The goal of this project is to apply what I learned of Reinforcement Learning from the course "Reinforcement Learning Specialization" of University of Alberta & Alberta Machine Intelligence Institute on Coursera. (https://coursera.org/share/18f2f63dd50e447d53aeb43391ed8774)
Evaluate to understand how the following parameters and RL algorithm influence the desired performance in a real project:
- Choice of states
- Choice of actions
- Choice of Rewards
- Hyperparameters
- Choice of algorithm: Deep Q-Learning Network, Actor-Critic Network
- Choice of neural network (MLP, CNN...) and numbers of layers and neurones.
- Use of Memmory Replay for planning
The Snake Game with RL is still on development, but it already achieved some good results if the training time is large. Currently it gets 16 score, being each score one food eaten. There is space for enhancing the results, and the future tests and implementation consists in:
- Apply Actor-Critic algorithm to the problem. It theoretically is more suitable for this problem and it is an algorithm more robust.
- Apply the concept of offline learning, which usually get better results because of its stability, in comparison with online learning.
- Tuning the number of layers and neurons.
- Vary more the choice of states
The choice of states rules one of the most important parts of an RL project. During the development of SnakeRL, it wasn't possible to achieve good results until the choice of states and actions had been reliable. It seems that you have to put in the choice of states everything that an AI, or a person, would need to do the task.
In this case, at the beginning of the project I chose as states the entire grid of the game divided into two grids: one for the snake, and the other for the food. These grids were represented by tensors with 0 being empty space, and 1 being the snake body or the food. Only when I added the information of its head AND the direction it was going, the agent started to get good results; that's when it achieved a score of 16.
I've tried to put only the information of the head, because supposedly the direction information is already implicit in it, but it only got good results with the direction information explicitly applied too.
The choice of actions is an important part too. The actions were initially considered as left, right, up, and down; but after some testing, they were changed to relative directions with respect to the current direction of the snake. This was done to eliminate redundancy because the opposite direction was always an invalid choice, as it did nothing during the game, so it was reduced to only 3 actions, as in the game there are in fact just 3 actions while playing (Left, Up, Right).
The influence of this change hasn't been evaluated yet, making it a future update.
For a while, it was kept +10 for eating and -10 for each death. It was tried to raise the magnitude of both values, or to raise the relative difference, but no difference was observed. So, it kept these initial values and they will be tuned later when the Actor-Critic algorithm is in place.
gamma = 0.98 and alpha = 0.0001 were parameters that gave better results while tuning within a small range. It is necessary to tune them, as well as other hyperparameters, when a better solution is found (Application of Actor-Critic, for example).

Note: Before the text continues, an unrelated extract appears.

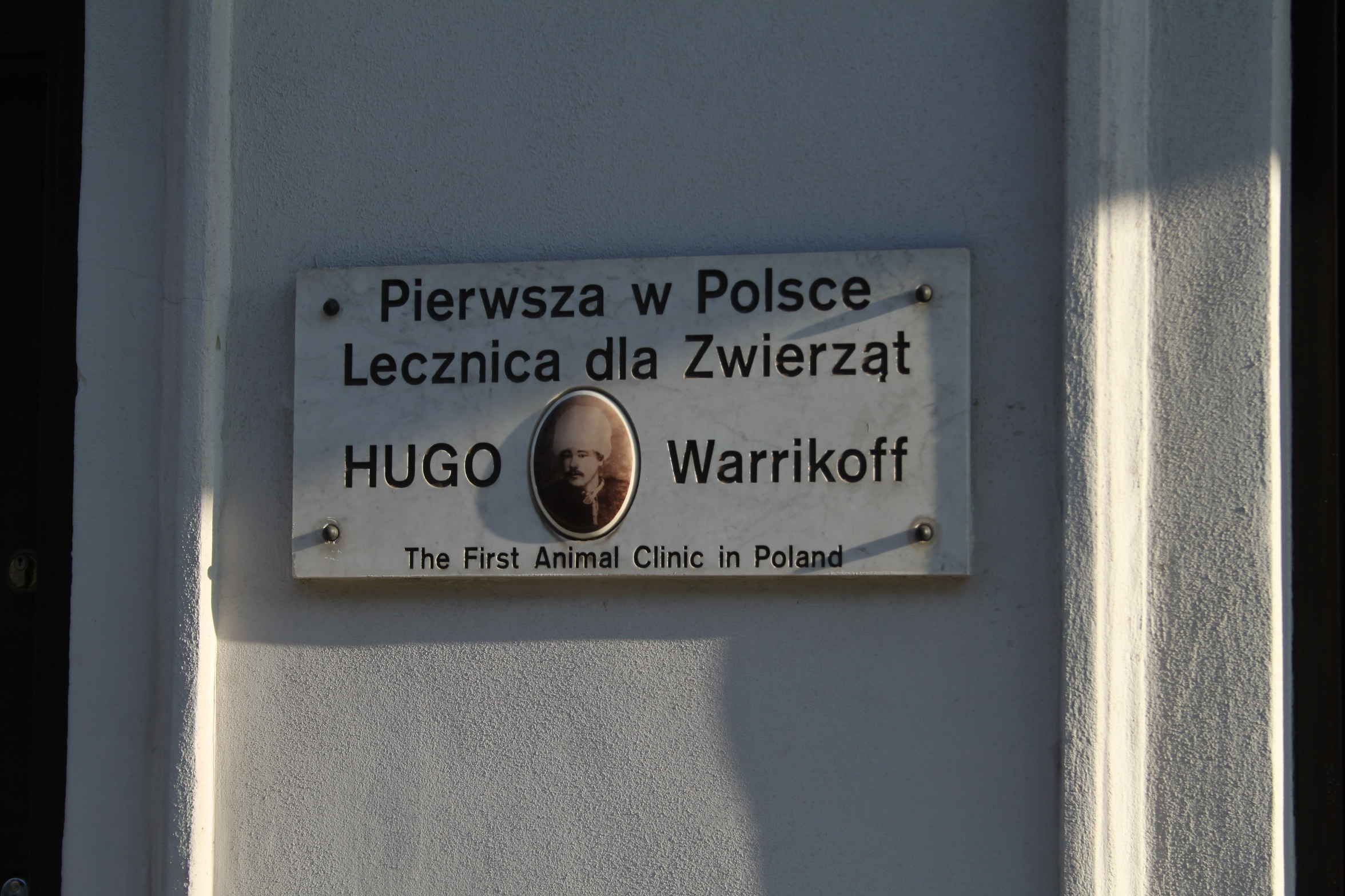 Hugo Warrikoff's animal clinic in Łódź (September 2018)

The Deep Q-Learning Network was implemented, giving good results, but not sufficient to finish the game. The Actor-Critic and other algorithms need to be tested.
CNN and MLP were evaluated, with better results obtained using CNN applied to the grid. The number of layers and neurons still needs to be tuned. (All tuning parts will be done after Actor-Critic is implemented.)
With the use of memory replay, the algorithm learned considerably faster. On the other hand, it slightly slowed down the execution.
- Implement Actor-Critic algorithm
- Hyperparameter and neural network tunneling.
- Test other choices of states
- Implement offline algoritmns
- Implement other more advanced algorithms.